Наконец, мало позитивного склонна добавлять к этому перечню гендерная и психоаналитическая критика, подчеркивающая консерватизм гендерных ролей и сопротивление новому культурному порядку или ощутимую карикатуризацию феминизма в большинстве образцов жанра. Та же Собчак, вслед за многими, отмечает пониженную степень сексуальности, характерный инфантилизм фантастического кино, в большинстве своем лишенного значимых и сложно устроенных сексуальных отношений и заменяющего их историями ожесточенной борьбы или страстного научного поиска[93]. Большинство фантастических фильмов, таким образом, разыгрывает сценарии инфантильного опыта, претендующие тем не менее на «взрослое» содержание, на выражение некой «сущности человеческого». А Барбара Крид в классической статье «Хоррор и монструозное женское: воображаемое унижение»[94], опираясь на концепцию Юлии Кристевой, разбирает всю машинерию фантастического в варианте «жуткого» на примере фильма «Чужой»[95]. Изживание подавленных культурой страхов и дополнительное утверждение символического патриархатного порядка происходит здесь посредством временного падения в «архаику», воскрешения образов «архаической Матери», с которой связана вся симптоматика доэдиповой стадии: отсутствие законов и границ, перверсия, чудовищный распад тел и посмертное существование тела без души, грязь, кровь и т. п.
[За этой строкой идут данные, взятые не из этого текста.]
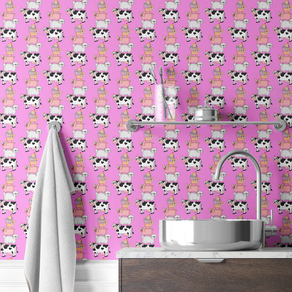 English Tree Farm Animals Stack on Pink Wallpaper
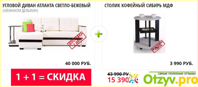 Самые последние, топовые товары по акции: диван "Атланта" (30000 рублей) и стол журнальный "Бета гранд" (8990 рублей)-18390 рублей; диван "Амстердам Евро" (18000 рублей) и стол журнальный "Сибирь" (3990 рублей)-12150 рублей; диван "Атланта" светло-бежевый (30000 рублей) и стенка "Ибица" (5990 рублей)-16490 рублей; угловой диван "Атланта" светло-бежевый (40000 рублей) и столик кофейный "Сибирь" (3990 рублей)-15390 рублей; угловой диван "Атланта" (40000 рублей) и шкаф-купе с зеркалом "Бася" (10990 рублей)-19690 рублей. И другие комплекты. Их около тридцати.

Тот факт, что образ будущего, фантастическое пространство мечты и фантазии очень часто связаны с этой фигурой страха перед глубинными уровнями человеческой психики (ярким примером может служить сюжет фильма «Сфера» (1998), где непосредственным предметом повествования становятся кошмары человеческого бессознательного, вызванные к реальной жизни инопланетным объектом[96]), а жанр фантастики во множестве образцов неотделим от жанра хоррора, служит ощутимым основанием для подтверждения обвинений в инфантилизме и консерватизме. Ведь будущее, таким образом, безоговорочно замыкается в прошлом (детстве, архаике), развитие отрицается, а апология отважного познающего субъекта, «властелина Вселенной», оказывается только ширмой для прикрытия иных, досубъектных сил, репрессированных цивилизацией, но неудержимо рвущихся наружу.
Четко и столь же пессимистически эта идеологическая коллизия существования фантастического в современной культуре проговаривается Фредриком Джеймисоном в статье 1982 г. «Прогресс versus утопия, или Можем ли мы представить себе будущее?»[97] Джеймисон прежде всего подчеркивает противоречие между беспредельностью того «будущего», о котором мечтает фантастика, и нашими идеологическими пределами, находящими выражение даже в самой форме неизбежно конечного произведения. (Получается, что наиболее адекватным фантастическому посылу было бы произведение бесконечное.) Вместе с тем, по мнению Джеймисона, говоря об идеологии фантастики, мы вообще не должны говорить о будущем, но лишь о настоящем, поскольку основная задача фантастики заключается в остранении, реструктуризации нашего опыта настоящего в специфических формах (формах, делающих возможным «доступ» к настоящему — то есть к действительности позднего капитализма, — которое невыносимо и неуловимо «напрямую»). Таким образом, наше недостижимое, состоящее из множества индивидуальных историй, нетотализируемое настоящее предлагается нам в фантастическом дискурсе как прошлое какого-то нового мира, как нечто представимое и помнимое коллективно. И соответственно, реализуемая в этом прорыве к настоящему специфика фантастики, ее «глубочайшее призвание» проявляется «в том, чтобы снова и снова демонстрировать нам и драматизировать нашу неспособность вообразить будущее; чтобы воплотить, посредством вроде бы насыщенных образов, которые оказываются при ближайшем рассмотрении убогими, атрофию в наше время того, что Маркузе называл „утопическим воображением“ — воображения иного и радикального различия; в том, чтобы преуспеть через поражение и послужить невольным и даже того не желающим посредником, который, стремясь к неизвестному, обнаруживает себя непоправимо погрязшим в слишком знакомом, обыденном и вследствие этого неожиданно преображенным в размышление о наших собственных абсолютных пределах»[98].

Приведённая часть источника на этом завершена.